Эти пьяные люди сами покупали свою жизнь, убивая других. А чтобы заглушить в них сознание и совесть, перед каждым расстрелом власть напаивала их допьяна. Иначе не находилось исполнителей. Одиночных палачей совсем не было. Сами осужденные властью на смерть делали это кошмарное дело за плату, за высокую плату: жизнь за жизнь.
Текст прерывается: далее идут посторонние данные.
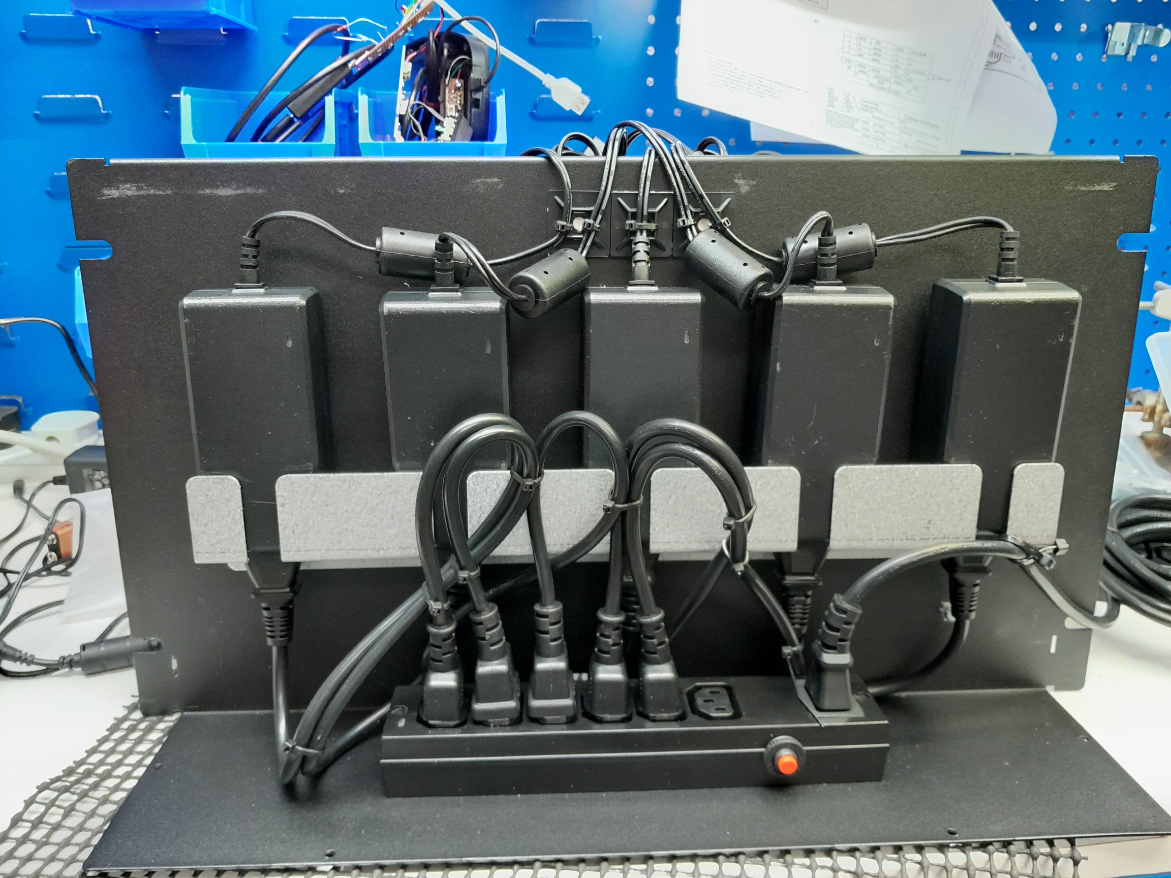 We can offer a plate of 4 or 5 cradles designed to fit a standard 19inch rack. This allows creation of charging walls using open 19 inch system or secure cabinet solutions

Вот они вяжут осужденных, скручивая им назад руки. Вот связывают несчастных друг с другом… — «И когда же вы прекратите эти расстрелы? Я народный учитель. За что вы меня расстреливаете?» — «Молчать!»… — «дать ему прикладом». — Руки у него уже связаны. Он и сам замолчал. — «Следующего». — Открыли карцер № 2. — «Выходи». — М. уже готовый вышел. В кармане у него спрятано письмо к партийным товарищам. Он намеревается выбросить его по дороге к страшному оврагу (письмо потом во время обыска было взято у М. и приложено следователем Квирингом к его делу). — «Фамилия?» — «М». Долго смотрел чекист в список. М. в списке не оказывается. Снова запирают в карцер. Через полчаса одиночки опустели. Осталось всего лишь трое заключенных. Увели сорок семь человек. Этих несчастных не довезли до страшного оврага. Зима в том году была ранняя. Поднялась снеговая буря. Их выгрузили в Монастырской слободке. Выгнали из дома одну крестьянскую семью и на дворе в хлевах их расстреляли. Трупы еще долго потом там лежали. Палачи их раздели и взяли с собой всю их одежду.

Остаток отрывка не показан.